Louisville turned to alum and longtime Kentucky assistant Kenny Payne to replace Chris Mack as coach (3). Payne, considered an ace recruiter, immediately made landing top 2023 recruit D.J. Wagner a priority, even hiring D.J.’s grandfather Milt (4) to his support staff to sweeten the deal. It’s a Bluegrass State battle between Louisville and Kentucky to land Wagner’s services. Payne also hired Duke assistant Nolan Smith off Jon Scheyer’s staff (5), so Scheyer raided Kentucky’s bench to add rising star recruiter Jai Lucas (6).

The first vacancy of the carousel was at Maryland, which parted ways with Mark Turgeon early in the 2021–22 season. From the moment the job opened, Seton Hall’s Kevin Willard was seen as a strong candidate, and the Terrapins’ search eventually led to Willard (7) shortly after the Pirates’ season ended in blowout fashion against TCU. Between yet another early NCAA tournament exit and a “classless” final press conference, the Willard era in South Orange ended rather unceremoniously. But Seton Hall fans should be thrilled about the future after landing alum Shaheen Holloway (8), who burst into coaching superstardom by leading Saint Peter’s to the Elite Eight.

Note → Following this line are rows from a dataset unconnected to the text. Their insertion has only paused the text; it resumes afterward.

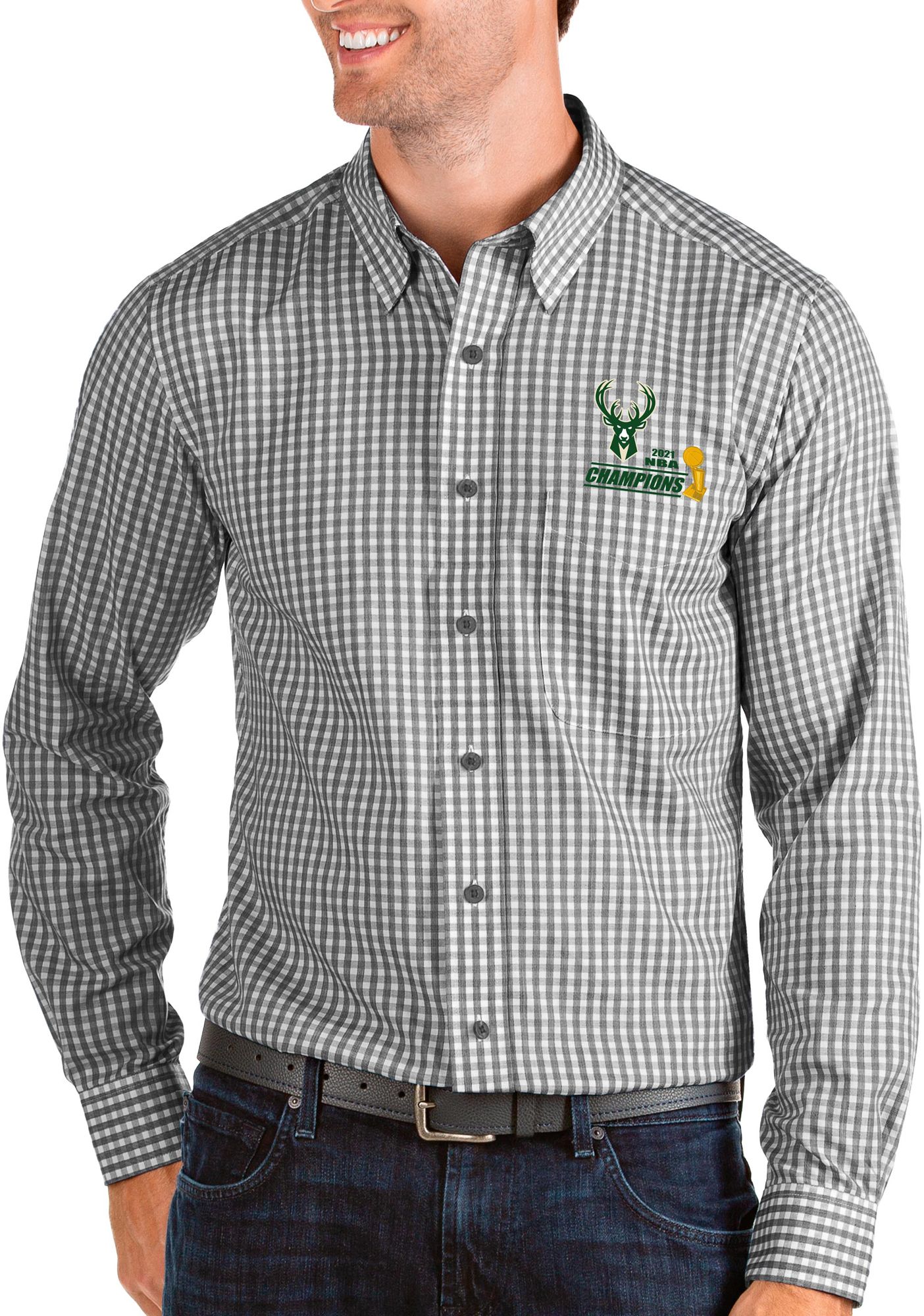 Antigua Men's 2021 NBA Champions Milwaukee Bucks Structure Button Down Black Long Sleeve Shirt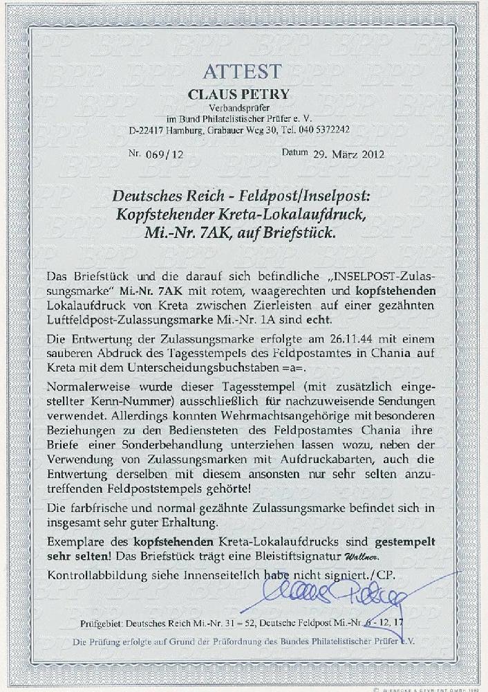 | Zusatzinformationen und Suchstichworte: | Ulrich Felzmann 175. Auktion Auktionstermin: 30. Juni 2022 Los 5862 Deutsche Besetzung II. WK, Feldpostmarken Kreta gezähnt mit kopfstehendem Aufdruck mit seltenem, sonst nur für nachzuweisende Sendungen verwendetem FP-Normstempel "a" 08.11.44 des Feldpostamtes in Chania auf tadellosem Liebhaber-Briefstück, insgesamt sehr gut erhaltenes, farbfrisches und normal gezähntes Ausnahme-Exemplar dieser sehr seltenen Abart, sign. Wallner sowie Fotoatteste Müller und Petry BPP "... sehr selten!", € 6.000,- Ausruf 2.000,00 EUR |
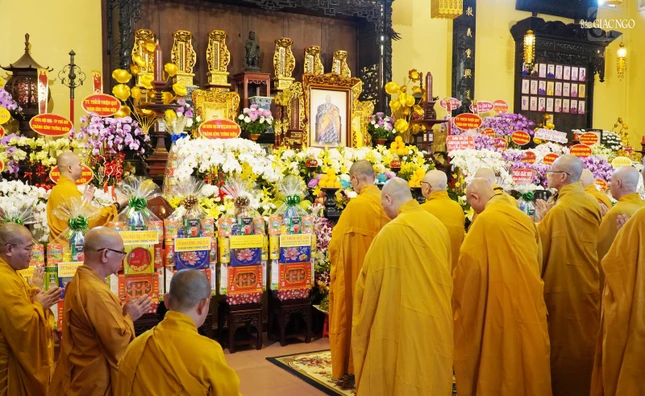Dịp này, chư Tăng Ni Ban Trị sự GHPGVN Q.10, môn hạ tổ đình Ấn Quang đã thành kính đảnh lễ khánh tuế Đức Pháp chủ và chư vị Trưởng lão Hội đồng Chứng minh theo truyền thống thiền môn.

But the center of this year’s coaching carousel was, without question, the SEC. Six of the league’s 14 schools changed coaches this offseason, and in many instances schools competed for the same candidates.

  • Georgia was first to the market after Tom Crean flamed out in Athens, and the Bulldogs stayed within the league to hire Florida’s Mike White (9). White was starting to feel the heat in Gainesville, but expectations are lower at UGA, and he finished outside the top 50 in KenPom only once in six seasons at Florida.
  • Florida responded with a daring hire: 37-year-old Todd Golden (10), who was fresh off leading San Francisco to the NCAA tournament. Golden is analytically savvy, spent some time in the SEC working under Bruce Pearl at Auburn and put together a remarkable year with the Dons. Still, it’s a big jump from going 22–21 in three years in the WCC to a program that has the upside to win a national title.
  • LSU was forced to jump into the coaching market when the NCAA’s notice of allegations against Will Wade was even more damning than expected. The Tigers went with Murray State’s Matt McMahon (11), who had to essentially completely turn over the roster after a mass exodus into the transfer portal.
  • Missouri moved on from Cuonzo Martin and replaced him with Cleveland State coach Dennis Gates (12), who has been a hot name to move up since taking the Vikings to the NCAA tournament in 2021. Gates, a former Leonard Hamilton assistant at Florida State, brought well-regarded FSU assistant Charlton “C.Y.” Young (13) with him to Columbia as his top assistant and paid him $600k per year to do it.
  • South Carolina parted ways with Frank Martin, who took the Gamecocks to the Final Four in 2017. His replacement: Lamont Paris (14), who comes in from Chattanooga. Paris made a splash early by landing top 2023 recruit G.G. Jackson and convinced him to reclassify and join the Gamecocks right away for this season.
  • Mississippi State might be the toughest job in the league, but athletic director John Cohen earned strong marks for hiring New Mexico State’s Chris Jans (15). Jans is a grinder who’ll be able to navigate the tricky SEC waters in recruiting and is fresh off beating UConn in the NCAA tournament.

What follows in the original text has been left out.